Now let's check the original `car_sales_missing` `DataFrame`.

In [None]:
car_sales_missing

Because `inplace` is set to `False` (default), there's still missing values in the `"Odometer"` column. Let's try setting `inplace` to `True`.

In [None]:
# Fill the Odometer missing values to the mean with inplace=True
car_sales_missing["Odometer"].fillna(car_sales_missing["Odometer"].mean(),
                                     inplace=True)

Now let's check the `car_sales_missing` `DataFrame` again.

In [None]:
car_sales_missing

The missing values in the `Odometer` column have been filled with the mean value of the same column.

In practice, you might not want to fill a column's missing values with the mean, but this example was to show the difference between `inplace=False` (default) and `inplace=True`.

Whichever you choose to use will depend on how you structure your code. All you have to remember is `inplace=False` returns a copy of the `DataFrame` you're working with. This is helpful if you want to make a duplicate of your current `DataFrame` and save it to another variable.

We've filled some values but there's still missing values in `car_sales_missing`. Let's say you wanted to remove any rows which had missing data and only work with rows which had complete coverage.

You can do this using `.dropna()`.

In [None]:
# Remove missing data
car_sales_missing.dropna()

In [None]:
car_sales_missing

It appears the rows with missing values have been removed, now let's check to make sure.

In [None]:
car_sales_missing = car_sales_missing.dropna()

In [None]:
car_sales_missing

Hmm, they're still there, can you guess why?

It's because `.dropna()` has `inplace=False` as default.

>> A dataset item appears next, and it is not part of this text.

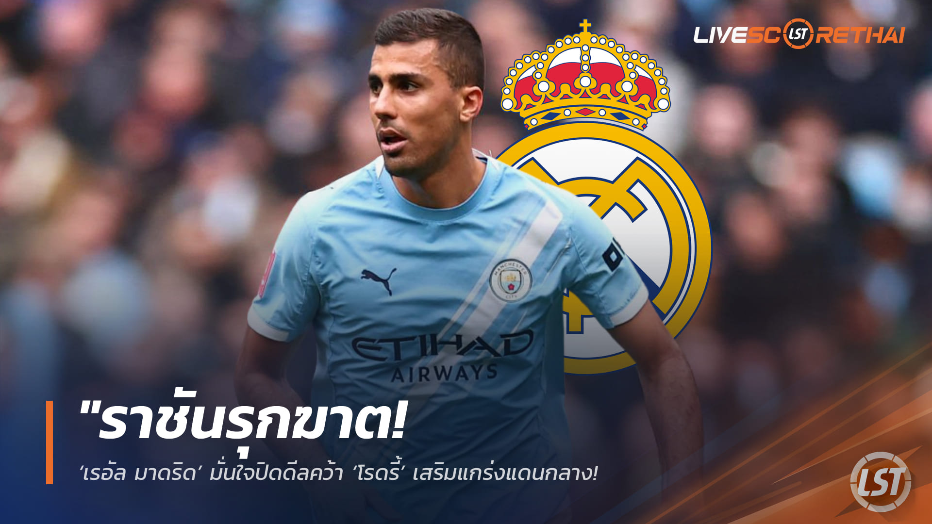 เป้าหมายเบอร์หนึ่ง: เรอัล มาดริด ยอดทีมจากสเปน มั่นใจมากขึ้นเรื่อยๆ ว่าจะสามารถคว้าตัว โรดรี้ กองกลางตัวเก่งของ แมนเชสเตอร์ ซิตี้ มาร่วมทีมได้ในช่วงซัมเมอร์นี้ เพื่อยกระดับแผงมิดฟิลด์ให้แข็งแกร่งยิ่งขึ้น

We can either set `inplace=True` or reassign the `car_sales_missing` `DataFrame`.

In [None]:
# The following two lines do the same thing
car_sales_missing.dropna(inplace=True) # Operation happens inplace without reassignment
#car_sales_missing = car_sales_missing.dropna() # car_sales_missing gets reassigned to same DataFrame but with dropped values  

Now if check again, the rows with missing values are gone and the index numbers have been updated.

In [None]:
car_sales_missing

## 2. Removing unnecessary measurement values

In [None]:
In addition to removing or filling data, you can also remove unnecessary measurements. 

In [None]:
car_sales_missing

So what can we do?

We need to convert the `"Price"` column to a numeric type.


In [None]:
# Change Price column to integers
# car_sales_missing["Price"] = car_sales_missing["Price"].str.replace('[\$\,\.]', '', regex=True)

car_sales_missing['Price'] = car_sales_missing['Price'].str.replace('$', '')

car_sales_missing

In [None]:
car_sales_missing.dtypes

In [None]:
car_sales_missing['Price'] = pd.to_numeric(car_sales_missing['Price'].str.replace(',', ''))

In [None]:
car_sales_missing.dtypes

In [None]:
car_sales_missing

## Add more columns


Creating a column called `Seats` for number of seats.

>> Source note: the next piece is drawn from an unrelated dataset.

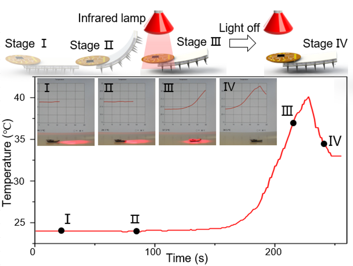 杨媛媛补充说:“除了其自身具有的探针感知能力之外,这种微型软体机器人还能携带不同类型的传感器探测周围的环境。例如,当这种携带有温度传感器的微型软体机器人经过红外线照射的不同区域时,其温度变化产生的电信号能通过NFC无线传输到电脑端 (如图7所示)。”

pandas allows for simple extra column creation on `DataFrame`'s. Three common ways are adding a `Series`, Python list or by using existing columns.

In [None]:
# Create a column from a pandas Series
seats_column = pd.Series([5, 5, 5, 5, 5, 5, 5, 5, 5, 5])
car_sales_missing["Seats"] = seats_column


In [None]:
car_sales_missing

Creating a column is similar to selecting a column, you pass the target `DataFrame` along with a new column name in brackets.

In [None]:
# Create a column from a Python list
engine_sizes = [1.3, 2.0, 3.0, 4.2, 1.6, 1]
car_sales_missing["Engine Size"] = engine_sizes
car_sales_missing

You can also make a column by directly combining the values of other columns. Such as, price per kilometre on the Odometer.

In [None]:
# Column from other columns
car_sales_missing["Price per KM"] = car_sales_missing["Price"] / car_sales_missing["Odometer"]
car_sales_missing

Now can you think why this might not be a great column to add?

It could be confusing when a car with less kilometers on the odometer looks to cost more per kilometre than one with more. When buying a car, usually less kilometres on the odometer is better.

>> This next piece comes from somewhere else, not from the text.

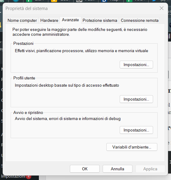 - Seleziona la scheda Avanzate e fai clic sul pulsante Impostazioni nella sezione Prestazioni.

This kind of column creation is called **feature engineering**. If `Make`, `Colour`, `Doors` are features of the data, creating `Price per KM` could be another. But in this case, not a very good one.

As for column creation, you can also create a new column setting all values to a one standard value.

In [None]:
# Column to all 1 value (number of wheels)
car_sales_missing["Number of wheels"] = 4
car_sales_missing

In [None]:
car_sales_missing["Passed road safety"] = True
car_sales_missing

Now you've created some columns, you decide to show your colleague what you've done. When they ask about the `Price per KM` column, you tell them you're not really sure why it's there.

You decide you better remove it to prevent confusion.

You can remove a column using `.drop('COLUMN_NAME', axis=1)`.

When you set axis=1, it indicates that the operation should be performed along columns, meaning the specified column will be removed from the DataFrame. 

In [None]:
# Drop the Price per KM column
car_sales_missing = car_sales_missing.drop("Price per KM", axis=1)
car_sales_missing

In [None]:

car_sales_missing

In [None]:
car_sales_missing = car_sales_missing.drop(0)
car_sales_missing

In [None]:

car_sales_missing

.sample(frac=1) is used to shuffle the rows randomly, and reset_index(drop=True) is used to reset the index of the resulting DataFrame.

car_sales_missing.sample(frac=1).reset_index(drop=True)

In [None]:
# Sample car_sales
car_sales_sampled = car_sales_missing.sample(frac=1)
car_sales_sampled

Notice how the rows remain intact but their order is mixed (check the indexes).

`.sample(frac=X)` is also helpful when you're working with a large `DataFrame`. Say you had 2,000,000 rows.

Running tests, analysis and machine learning algorithms on 2,000,000 rows could take a long time. And since being a data scientist or machine learning engineer is about reducing the time between experiments, you might begin with a sample of rows first.

For example, you could use `40k_rows = 2_mil_rows.sample(frac=0.05)` to work on 40,000 rows from a `DataFrame` called `2_mil_rows` containing 2,000,000 rows.

What if you wanted to get the indexes back in order?

You could do so using `.reset_index()`.

In [None]:
# Reset the indexes of car_sales_sampled
car_sales_sampled.reset_index()

Calling `.reset_index()` on a `DataFrame` resets the index numbers to their defaults. It also creates a new `Index` column by default which contains the previous index values.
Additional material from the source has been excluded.